Strategic alliance of manufacturing production

A form of cooperation between international enterprises to provide each other with spare parts and related technologies for the production of inputs. This alliance has shifted the field of cooperation to the middle reaches-product manufacturing and production. In the strategic alliance of manufacturing industry, it is often the alliance of product brands.

Joint sales strategic alliance

An agreement between international enterprises to sell each other's products (or products produced jointly). This is the state that the alliance cooperation field enters the downstream.

Joint venture strategic alliance

It means that international enterprises combine their different assets, * * * with production, * * * with risk and * * * with income.

3. Advantages

(1) Enhance competitiveness.

(2) Share risks and obtain economies of scale and scope.

(3) expand the market.

(4) prevent excessive competition.

(5) Challenge the "big enterprise disease"

4. Shortcomings

(1) Cooperation is difficult.

(2) The balance of interests is difficult to achieve.

(3) The jointly developed technology is abused.

The Road to Globalization of China Enterprises

(A) the internationalization of enterprises in China has entered a new stage.

In 2005, China's foreign trade continued to maintain rapid growth. According to customs statistics, in the first three quarters, the national total export value was 10245 1 billion dollars, up by 23.7% over the previous year, of which exports were 546.42 billion dollars, up by 3 1.3%, and imports were 478.08 billion dollars, up by 1.6%. The accumulated trade surplus was $68.34 billion. The contribution of net foreign trade exports to economic growth reached 3.5 percentage points. Foreign direct investment has grown rapidly. Overseas M&A activities have entered an active period.

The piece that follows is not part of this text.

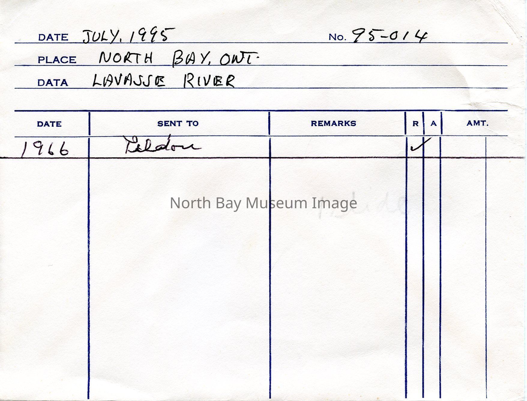 Envelope (a) containing photo (b) and negative (c) of La Vase River open water with snow.

(B) The main obstacles facing the internationalization of enterprises in China.

Although the internationalization of Chinese enterprises has entered a new period of development opportunities and made great achievements, the degree of internationalization is still not high and the development is not mature, and there is still a big gap compared with the internationalization level of world-famous multinational companies. The main obstacles affecting the improvement of the internationalization level of Chinese enterprises include the following aspects:

1. Financial obstacles. Enterprises in China generally face the obstacles of insufficient funds in the process of international operation, which leads to the long-standing situation of slow development, small investment scale, small production and operation scale and low quality of overseas M&A targets.

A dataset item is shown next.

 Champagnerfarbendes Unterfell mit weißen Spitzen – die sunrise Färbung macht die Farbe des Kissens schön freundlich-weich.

2. Talent barriers. Internationalized enterprises need internationalized talents, and China enterprises are facing the outstanding problem of lack of internationalized talents in the process of internationalization. The existing talents of domestic enterprises can not adapt to overseas markets, which is the most headache for enterprises at present. The lack of marketing talents, international management talents, legal talents and financial talents with international operation experience has seriously restricted the international development of China enterprises.

3. Management obstacles. International operation puts forward higher requirements for enterprise management. At present, China enterprises generally lack the experience of transnational operation, and the existing management ability of the organization is difficult to meet the needs of enterprise internationalization. Management obstacles are highlighted as follows: first, there is no global organizational structure; Second, lack of cross-cultural integration ability; Third, there is no global thinking mode.

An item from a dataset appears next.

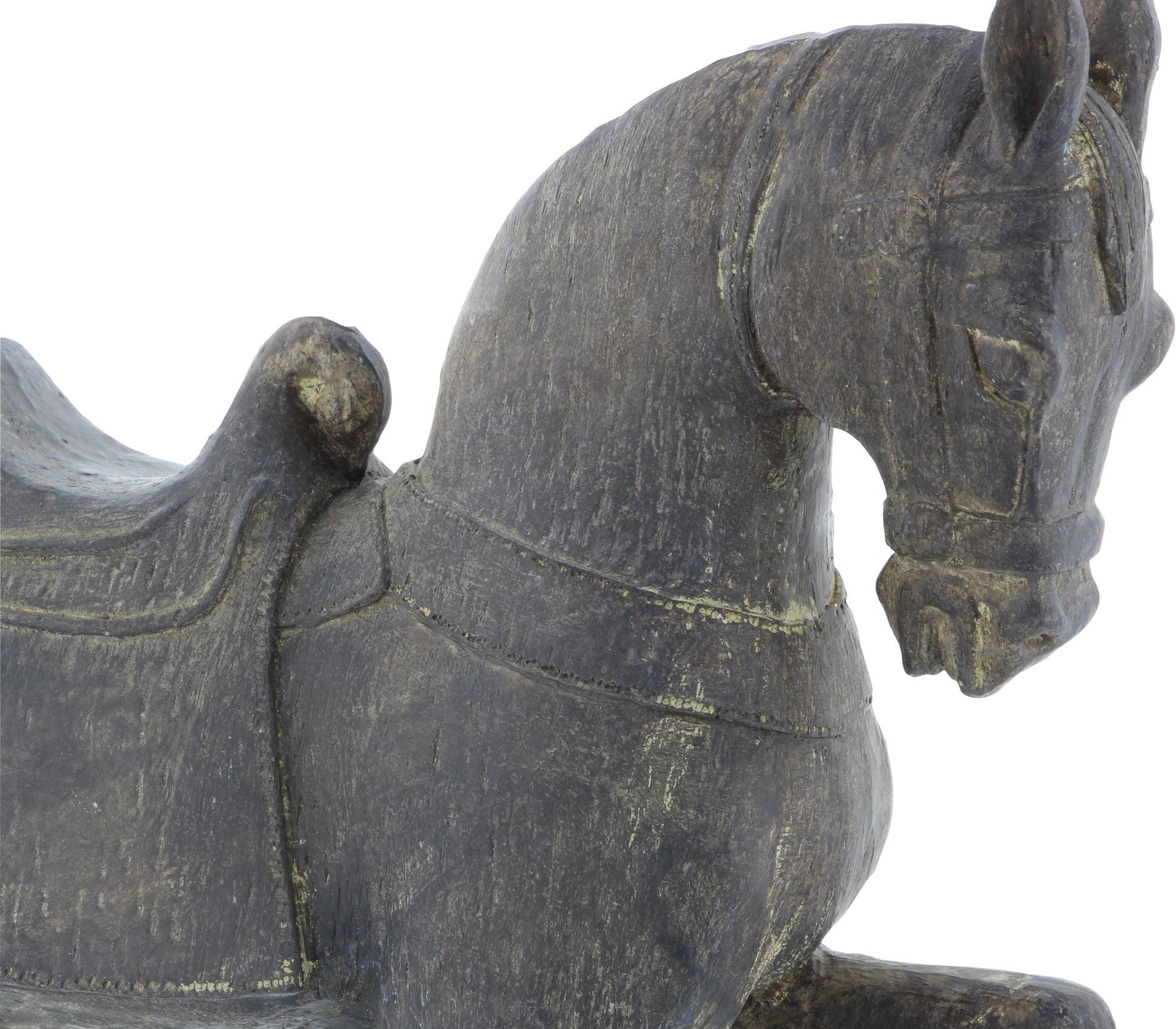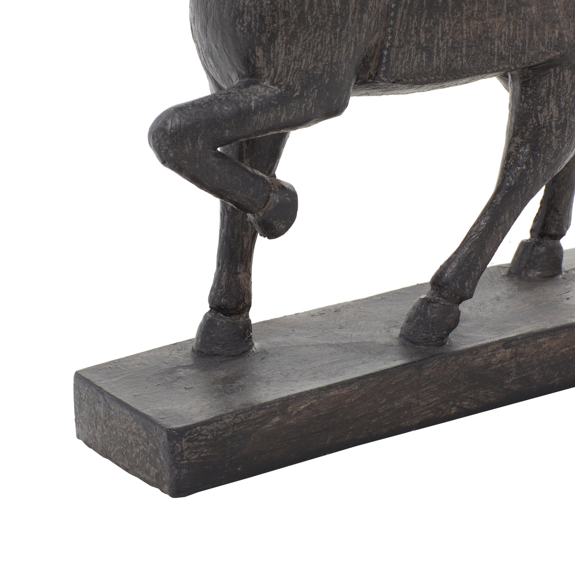 - Features: A horse shaped on a rectangular base, Wipe clean with a dry cloth, Each piece is molded from polystone and hand painted, with a polystone base

4. Brand barriers. Brand value is the embodiment of enterprise's comprehensive strength. How to get their brands recognized by overseas consumers is an obstacle that almost all China enterprises must overcome.

Ways to Internationalize Enterprises in China

The internationalization of enterprises in China should do well in five aspects:

1. Cultivate international management talents.

2. Establish a global organizational structure.

3. Cross-cultural integration.

4. Engaged in international brand promotion.

5. Build the core competitiveness of enterprises.

I hope the information I provided is helpful to you.